**About this task**
The lines to transcribe begin with the one containing "Santa Claus, dressed" and end with the last line below; reproduce them exactly, without the pictures.

── Given information

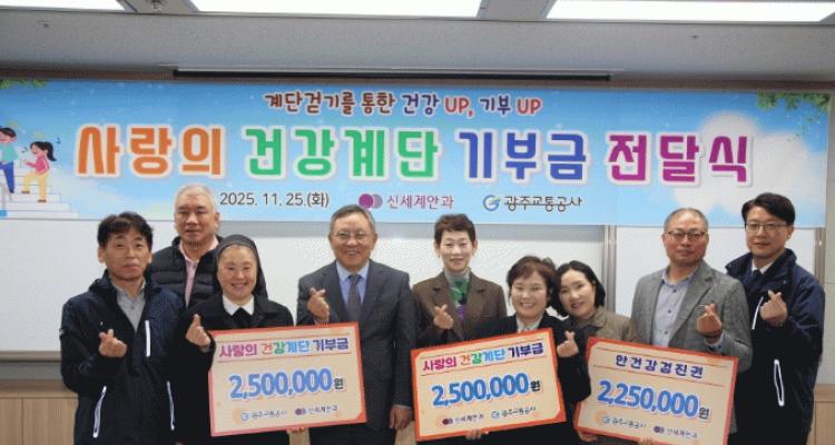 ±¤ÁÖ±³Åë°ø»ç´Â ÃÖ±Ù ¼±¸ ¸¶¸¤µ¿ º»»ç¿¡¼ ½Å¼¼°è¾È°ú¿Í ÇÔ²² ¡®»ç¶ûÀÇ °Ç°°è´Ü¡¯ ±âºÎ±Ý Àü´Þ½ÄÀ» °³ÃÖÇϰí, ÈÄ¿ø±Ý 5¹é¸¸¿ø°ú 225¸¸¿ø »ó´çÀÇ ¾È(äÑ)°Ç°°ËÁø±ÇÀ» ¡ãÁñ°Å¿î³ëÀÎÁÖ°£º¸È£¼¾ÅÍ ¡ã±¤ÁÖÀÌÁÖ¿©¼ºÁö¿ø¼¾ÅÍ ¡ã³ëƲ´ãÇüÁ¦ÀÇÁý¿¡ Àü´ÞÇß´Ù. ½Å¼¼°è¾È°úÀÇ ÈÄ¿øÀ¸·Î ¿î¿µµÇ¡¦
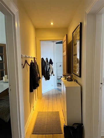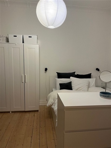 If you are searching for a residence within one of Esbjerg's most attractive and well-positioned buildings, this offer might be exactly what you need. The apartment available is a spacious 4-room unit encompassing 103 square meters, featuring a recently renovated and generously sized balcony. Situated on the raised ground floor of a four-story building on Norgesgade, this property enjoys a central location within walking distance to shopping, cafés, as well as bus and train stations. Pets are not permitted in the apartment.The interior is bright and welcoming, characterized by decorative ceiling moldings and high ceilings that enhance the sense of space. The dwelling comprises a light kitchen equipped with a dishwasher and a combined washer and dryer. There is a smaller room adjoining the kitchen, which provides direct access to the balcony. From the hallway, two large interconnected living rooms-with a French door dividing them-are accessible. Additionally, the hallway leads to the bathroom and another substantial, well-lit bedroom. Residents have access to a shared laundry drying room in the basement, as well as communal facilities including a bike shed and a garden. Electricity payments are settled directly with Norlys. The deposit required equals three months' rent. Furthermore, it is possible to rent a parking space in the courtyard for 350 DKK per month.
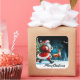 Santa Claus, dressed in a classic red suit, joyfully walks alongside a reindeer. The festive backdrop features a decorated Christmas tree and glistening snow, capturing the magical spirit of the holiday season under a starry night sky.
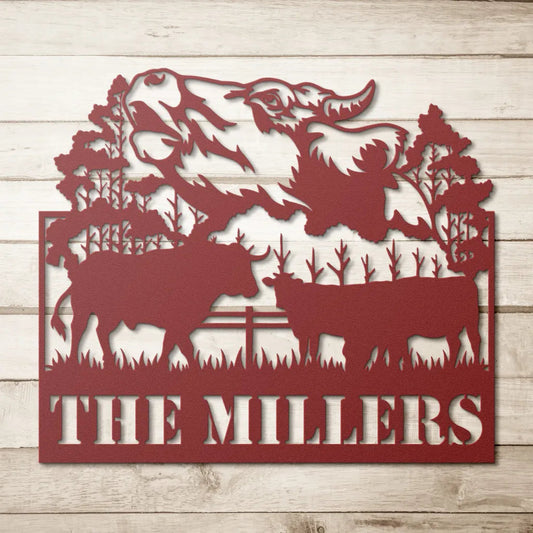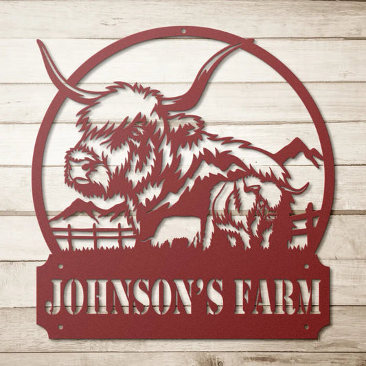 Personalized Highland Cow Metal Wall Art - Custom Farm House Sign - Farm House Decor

────

**Your response**
 Santa Claus, dressed in a classic red suit, joyfully walks alongside a reindeer. The festive backdrop features a decorated Christmas tree and glistening snow, capturing the magical spirit of the holiday season under a starry night sky.
 Personalized Highland Cow Metal Wall Art - Custom Farm House Sign - Farm House Decor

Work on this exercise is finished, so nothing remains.